Jaringan tata kota merupakan jaringan penuh kolesterol jenuh dan pekik seru ‘kontol’ pada satuan meter benci yang paling ampuh. Metropolitan adalah simbol terkini dari sikap kesetanan dan segala kendali liar tak beralasan.

Di segala hujan dan ketika tertutup awan, metropolitan adalah miniatur kecil arena tarung yang tidak bernurani; ia beremulsi atas ambisi, dan mengasimilasi masing-masing ego individu di dalamnya; menjadi ruang atas bibit benih segala bentuk pemberontakan muda yang tak kenal reda.

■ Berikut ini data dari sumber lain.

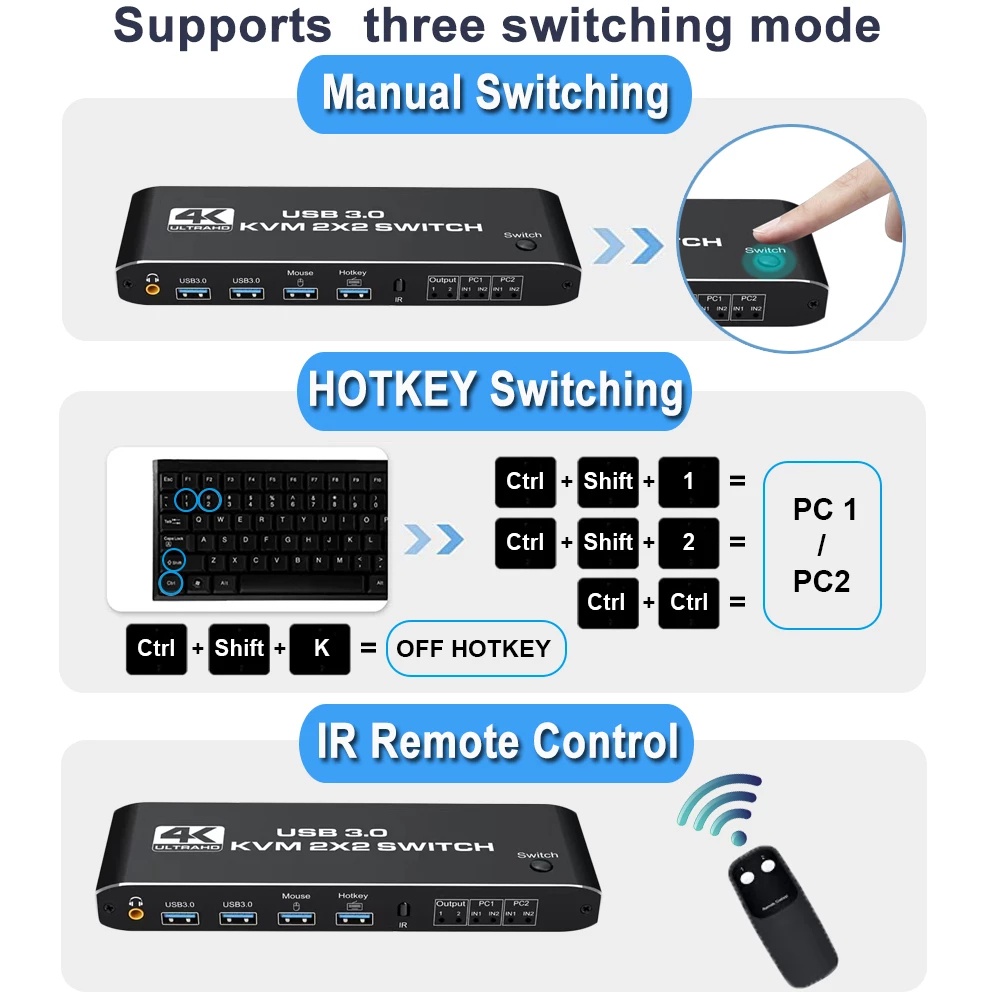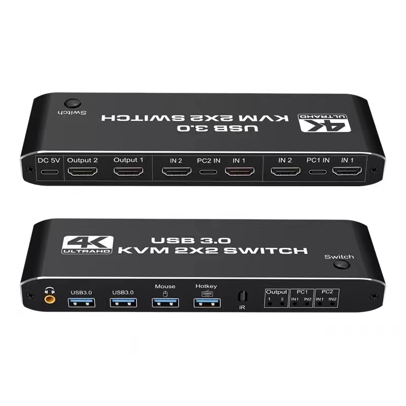 Dual Monitor 4K HDMI KVM Switcher 2x2 For 2 PC Share Monitor USB
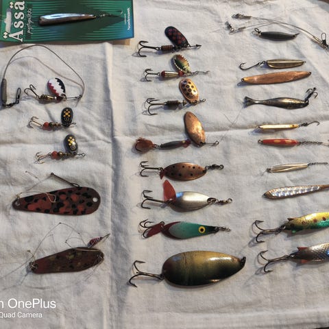 Kalastusvälinepaketti sisältää useita pilkkivapoja ja erilaisia vieheitä. Välineet soveltuvat pilkkimiseen ja muuhun kalastukseen. Paketti sisältää myös vieherasian, jossa on useita erilaisia vieheitä eri kokoja ja malleja. Hyvin tulee ahvenia, pakkanen täynnä, nyt seuraavalle.
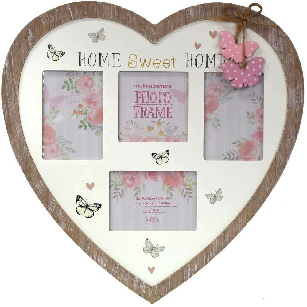 Enliven your home with this beautiful frame, featuring a beech surround with a cream inner and four artfully curved apertures. The two 5x3.5" openings are portrait-oriented, while the 4x4" slot fits Instagram-ready pics - creating a perfect balance. Plus, the "Home Sweet Home" inscription, two wooden butterflies, and tiny hearts make any photo extra special. Easily hang this 16x15.5" piece; the back has serrated bars to keep it flat against the wall. If you want to change pics, just remove the aperture backboards and slip in new ones, and secure them using the included plastic retainers. With this Heart Frame, you can always have your favourite memories in view!
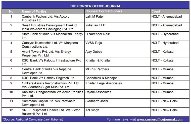NCLT to hear cases related to Accord Industries, Meenakshi Energy, Neptune Developer, Ushdev Engitech and Parsvnath Developers

Dan di semua cita-cita yang dianut oleh sang kota tercinta, hamparan harap tersebut hanyalah pengalihan terburuk atas realita; dan kita, sebagai mata didalamnya, merasa kurang cukup dibutakan oleh polutan kendaraan tanpa perasaan yang dikendarai oleh budak sistem kejar setoran – yang menghilangkan semua kemungkinan moral atas pengguna jalan lain yang merasa dipinggirkan.

Lalu, seperti bentuk kota lainnya; dengan slogan mimpi yang penuh semangat dan diucapkan dengan berapi-api, metropolitan kini hanyalah teras atas sebuah rumah besar penuh jiwa-jiwa yang mengeras. Ia ditopang oleh pilar-pilar terdiri dari tumpukan manusia yang dikategorikan dalam golongan menengah ke bawah menurut orang-orang yang menggolongkan diri sebagai orang-orang dalam golongan menengah ke atas.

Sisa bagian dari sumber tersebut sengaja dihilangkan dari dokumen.